• SOURCE MATERIAL
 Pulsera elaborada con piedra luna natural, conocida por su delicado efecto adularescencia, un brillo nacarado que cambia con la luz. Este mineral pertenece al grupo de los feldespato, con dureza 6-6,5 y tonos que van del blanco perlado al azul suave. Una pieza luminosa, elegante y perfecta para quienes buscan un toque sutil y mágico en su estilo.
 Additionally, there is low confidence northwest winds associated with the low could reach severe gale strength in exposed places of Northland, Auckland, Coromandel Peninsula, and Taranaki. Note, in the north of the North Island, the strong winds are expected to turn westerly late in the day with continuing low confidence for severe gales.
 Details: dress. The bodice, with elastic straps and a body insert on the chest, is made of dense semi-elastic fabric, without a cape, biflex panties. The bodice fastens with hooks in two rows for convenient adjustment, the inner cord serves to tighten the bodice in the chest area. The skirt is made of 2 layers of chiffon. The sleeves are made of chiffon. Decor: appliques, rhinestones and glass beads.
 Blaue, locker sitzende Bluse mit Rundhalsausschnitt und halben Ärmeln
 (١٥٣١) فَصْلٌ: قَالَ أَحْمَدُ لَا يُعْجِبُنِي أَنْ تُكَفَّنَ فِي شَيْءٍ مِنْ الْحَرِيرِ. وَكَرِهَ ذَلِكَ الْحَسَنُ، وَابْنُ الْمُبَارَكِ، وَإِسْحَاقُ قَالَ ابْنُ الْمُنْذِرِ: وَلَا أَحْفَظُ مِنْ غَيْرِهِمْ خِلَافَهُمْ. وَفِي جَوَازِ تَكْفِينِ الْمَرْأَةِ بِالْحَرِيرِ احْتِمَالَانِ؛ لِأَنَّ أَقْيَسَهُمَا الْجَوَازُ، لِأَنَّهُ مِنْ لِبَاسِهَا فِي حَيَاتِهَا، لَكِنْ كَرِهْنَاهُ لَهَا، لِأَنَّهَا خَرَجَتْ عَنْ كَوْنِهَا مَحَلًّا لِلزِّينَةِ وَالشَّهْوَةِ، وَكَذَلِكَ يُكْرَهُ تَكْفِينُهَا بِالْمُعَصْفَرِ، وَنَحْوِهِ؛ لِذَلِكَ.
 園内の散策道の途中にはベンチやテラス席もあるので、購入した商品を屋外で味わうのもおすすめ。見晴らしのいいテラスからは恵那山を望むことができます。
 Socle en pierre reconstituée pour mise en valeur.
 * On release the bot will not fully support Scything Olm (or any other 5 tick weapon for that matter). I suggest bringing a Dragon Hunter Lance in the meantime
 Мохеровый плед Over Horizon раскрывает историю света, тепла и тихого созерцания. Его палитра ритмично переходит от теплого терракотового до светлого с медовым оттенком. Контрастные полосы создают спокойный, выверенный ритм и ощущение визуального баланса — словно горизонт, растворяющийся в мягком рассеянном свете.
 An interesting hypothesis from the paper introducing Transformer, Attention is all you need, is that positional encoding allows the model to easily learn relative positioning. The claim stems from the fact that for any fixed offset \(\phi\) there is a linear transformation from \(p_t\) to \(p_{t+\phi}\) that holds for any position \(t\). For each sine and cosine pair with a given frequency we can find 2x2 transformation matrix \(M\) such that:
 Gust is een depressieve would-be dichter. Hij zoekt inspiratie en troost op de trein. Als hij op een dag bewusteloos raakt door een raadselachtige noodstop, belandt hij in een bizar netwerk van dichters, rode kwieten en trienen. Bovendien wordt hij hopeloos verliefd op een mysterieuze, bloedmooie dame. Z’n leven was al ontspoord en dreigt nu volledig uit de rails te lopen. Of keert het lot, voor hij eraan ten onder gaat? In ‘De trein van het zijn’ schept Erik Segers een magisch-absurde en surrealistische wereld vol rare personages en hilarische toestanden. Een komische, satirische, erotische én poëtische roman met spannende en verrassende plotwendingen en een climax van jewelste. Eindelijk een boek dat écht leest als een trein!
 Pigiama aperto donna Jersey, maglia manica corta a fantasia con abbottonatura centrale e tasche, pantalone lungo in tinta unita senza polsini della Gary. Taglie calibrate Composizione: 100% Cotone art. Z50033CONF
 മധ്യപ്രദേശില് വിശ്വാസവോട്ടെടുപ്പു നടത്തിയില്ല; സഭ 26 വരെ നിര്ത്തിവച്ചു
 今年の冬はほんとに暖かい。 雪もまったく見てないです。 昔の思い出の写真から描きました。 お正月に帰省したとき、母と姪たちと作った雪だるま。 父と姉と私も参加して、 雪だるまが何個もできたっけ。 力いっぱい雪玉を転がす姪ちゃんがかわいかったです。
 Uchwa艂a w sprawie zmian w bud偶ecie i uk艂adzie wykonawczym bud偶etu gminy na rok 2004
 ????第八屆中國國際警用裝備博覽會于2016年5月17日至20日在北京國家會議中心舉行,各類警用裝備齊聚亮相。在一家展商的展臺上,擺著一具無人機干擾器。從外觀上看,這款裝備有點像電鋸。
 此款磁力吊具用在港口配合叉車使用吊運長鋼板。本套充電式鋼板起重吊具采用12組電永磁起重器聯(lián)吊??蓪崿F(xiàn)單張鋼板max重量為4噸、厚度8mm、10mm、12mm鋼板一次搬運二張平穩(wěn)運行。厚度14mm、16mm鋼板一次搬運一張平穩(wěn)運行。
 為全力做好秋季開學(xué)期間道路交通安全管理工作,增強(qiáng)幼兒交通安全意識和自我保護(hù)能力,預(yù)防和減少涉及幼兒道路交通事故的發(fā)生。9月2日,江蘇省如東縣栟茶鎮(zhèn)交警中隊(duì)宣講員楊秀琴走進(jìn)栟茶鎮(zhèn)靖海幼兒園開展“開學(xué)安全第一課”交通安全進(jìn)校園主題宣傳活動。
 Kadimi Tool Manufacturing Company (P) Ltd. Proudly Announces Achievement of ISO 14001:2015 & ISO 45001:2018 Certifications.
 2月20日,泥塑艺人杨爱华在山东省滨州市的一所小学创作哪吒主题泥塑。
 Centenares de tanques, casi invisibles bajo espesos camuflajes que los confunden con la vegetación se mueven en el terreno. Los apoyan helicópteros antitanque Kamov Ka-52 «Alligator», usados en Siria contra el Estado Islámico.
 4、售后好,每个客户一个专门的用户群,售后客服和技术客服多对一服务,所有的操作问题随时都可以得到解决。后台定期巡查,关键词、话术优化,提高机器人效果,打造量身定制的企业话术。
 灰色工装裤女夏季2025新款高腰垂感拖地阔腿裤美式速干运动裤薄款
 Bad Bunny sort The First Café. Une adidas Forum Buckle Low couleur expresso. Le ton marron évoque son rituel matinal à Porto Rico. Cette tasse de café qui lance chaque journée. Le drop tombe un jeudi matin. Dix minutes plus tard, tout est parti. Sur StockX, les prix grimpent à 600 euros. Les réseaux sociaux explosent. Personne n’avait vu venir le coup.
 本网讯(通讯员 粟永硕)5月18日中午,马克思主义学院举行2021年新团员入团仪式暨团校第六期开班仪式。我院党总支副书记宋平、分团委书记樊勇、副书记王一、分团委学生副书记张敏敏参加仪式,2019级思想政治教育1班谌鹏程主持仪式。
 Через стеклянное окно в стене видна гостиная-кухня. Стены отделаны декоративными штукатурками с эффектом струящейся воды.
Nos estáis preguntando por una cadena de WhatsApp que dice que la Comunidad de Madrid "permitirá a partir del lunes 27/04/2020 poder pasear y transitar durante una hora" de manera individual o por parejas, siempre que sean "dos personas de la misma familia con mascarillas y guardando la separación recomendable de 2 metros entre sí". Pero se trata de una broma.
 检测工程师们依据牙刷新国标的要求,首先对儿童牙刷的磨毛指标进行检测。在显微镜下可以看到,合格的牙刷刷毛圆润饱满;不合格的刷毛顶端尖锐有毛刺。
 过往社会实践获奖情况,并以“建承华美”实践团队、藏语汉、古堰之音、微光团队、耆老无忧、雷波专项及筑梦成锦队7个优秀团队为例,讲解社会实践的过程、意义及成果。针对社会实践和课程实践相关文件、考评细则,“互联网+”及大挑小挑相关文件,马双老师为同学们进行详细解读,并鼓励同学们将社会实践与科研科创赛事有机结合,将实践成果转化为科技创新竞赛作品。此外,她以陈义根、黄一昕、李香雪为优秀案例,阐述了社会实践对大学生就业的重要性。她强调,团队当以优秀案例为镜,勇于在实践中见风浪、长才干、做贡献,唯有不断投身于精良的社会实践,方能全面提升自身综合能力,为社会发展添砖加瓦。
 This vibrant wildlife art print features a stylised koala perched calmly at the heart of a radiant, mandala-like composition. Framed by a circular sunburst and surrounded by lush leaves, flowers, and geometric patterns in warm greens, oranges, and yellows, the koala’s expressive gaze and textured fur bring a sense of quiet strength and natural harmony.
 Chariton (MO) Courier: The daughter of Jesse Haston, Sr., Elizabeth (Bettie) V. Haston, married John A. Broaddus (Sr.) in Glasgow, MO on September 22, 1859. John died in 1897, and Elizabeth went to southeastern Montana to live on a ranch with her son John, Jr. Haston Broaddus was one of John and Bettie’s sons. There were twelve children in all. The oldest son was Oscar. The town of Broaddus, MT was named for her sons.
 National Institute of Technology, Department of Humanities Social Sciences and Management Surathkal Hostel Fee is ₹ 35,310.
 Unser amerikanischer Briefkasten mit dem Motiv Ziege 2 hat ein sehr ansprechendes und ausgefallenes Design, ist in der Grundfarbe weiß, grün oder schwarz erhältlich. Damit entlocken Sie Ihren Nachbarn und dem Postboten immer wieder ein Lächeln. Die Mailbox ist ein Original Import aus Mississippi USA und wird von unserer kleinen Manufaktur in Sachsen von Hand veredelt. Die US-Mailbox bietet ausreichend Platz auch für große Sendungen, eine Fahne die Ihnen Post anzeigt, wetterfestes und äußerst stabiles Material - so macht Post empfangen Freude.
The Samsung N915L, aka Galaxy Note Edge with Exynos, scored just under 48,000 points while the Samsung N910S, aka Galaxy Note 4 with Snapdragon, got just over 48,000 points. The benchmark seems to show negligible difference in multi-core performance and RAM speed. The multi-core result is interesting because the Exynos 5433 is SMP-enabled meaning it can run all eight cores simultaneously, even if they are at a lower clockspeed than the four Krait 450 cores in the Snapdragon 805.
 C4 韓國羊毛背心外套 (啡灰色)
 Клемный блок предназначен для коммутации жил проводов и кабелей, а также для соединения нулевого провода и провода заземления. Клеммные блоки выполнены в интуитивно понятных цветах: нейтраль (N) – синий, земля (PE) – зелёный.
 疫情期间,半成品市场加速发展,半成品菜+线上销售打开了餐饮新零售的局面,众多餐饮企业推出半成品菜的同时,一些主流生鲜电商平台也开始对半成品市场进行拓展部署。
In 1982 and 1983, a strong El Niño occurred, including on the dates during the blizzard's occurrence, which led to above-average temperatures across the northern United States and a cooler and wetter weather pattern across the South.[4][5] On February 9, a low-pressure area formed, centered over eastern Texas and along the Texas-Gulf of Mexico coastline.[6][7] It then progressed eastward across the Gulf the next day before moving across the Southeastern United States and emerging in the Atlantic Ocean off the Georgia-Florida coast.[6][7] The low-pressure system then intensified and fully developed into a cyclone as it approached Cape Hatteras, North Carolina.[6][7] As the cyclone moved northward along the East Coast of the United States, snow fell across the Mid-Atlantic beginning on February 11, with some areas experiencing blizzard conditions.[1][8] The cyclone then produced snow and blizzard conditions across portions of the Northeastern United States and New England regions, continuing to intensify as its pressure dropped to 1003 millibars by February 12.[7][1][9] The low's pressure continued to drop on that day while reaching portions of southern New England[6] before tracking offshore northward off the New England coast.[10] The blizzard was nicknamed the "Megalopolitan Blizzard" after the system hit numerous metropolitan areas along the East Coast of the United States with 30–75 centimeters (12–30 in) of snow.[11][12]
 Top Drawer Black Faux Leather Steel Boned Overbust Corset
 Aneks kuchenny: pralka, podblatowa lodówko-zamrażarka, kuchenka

• TASK OBJECTIVE
Reproduce word for word the material above, starting with the line that has "Kadimi Tool Manufacturing" and stopping after the line that has "Через стеклянное окно".

• EXERCISE RESULT
 Kadimi Tool Manufacturing Company (P) Ltd. Proudly Announces Achievement of ISO 14001:2015 & ISO 45001:2018 Certifications.
 2月20日,泥塑艺人杨爱华在山东省滨州市的一所小学创作哪吒主题泥塑。
 Centenares de tanques, casi invisibles bajo espesos camuflajes que los confunden con la vegetación se mueven en el terreno. Los apoyan helicópteros antitanque Kamov Ka-52 «Alligator», usados en Siria contra el Estado Islámico.
 4、售后好,每个客户一个专门的用户群,售后客服和技术客服多对一服务,所有的操作问题随时都可以得到解决。后台定期巡查,关键词、话术优化,提高机器人效果,打造量身定制的企业话术。
 灰色工装裤女夏季2025新款高腰垂感拖地阔腿裤美式速干运动裤薄款
 Bad Bunny sort The First Café. Une adidas Forum Buckle Low couleur expresso. Le ton marron évoque son rituel matinal à Porto Rico. Cette tasse de café qui lance chaque journée. Le drop tombe un jeudi matin. Dix minutes plus tard, tout est parti. Sur StockX, les prix grimpent à 600 euros. Les réseaux sociaux explosent. Personne n’avait vu venir le coup.
 本网讯(通讯员 粟永硕)5月18日中午,马克思主义学院举行2021年新团员入团仪式暨团校第六期开班仪式。我院党总支副书记宋平、分团委书记樊勇、副书记王一、分团委学生副书记张敏敏参加仪式,2019级思想政治教育1班谌鹏程主持仪式。
 Через стеклянное окно в стене видна гостиная-кухня. Стены отделаны декоративными штукатурками с эффектом струящейся воды.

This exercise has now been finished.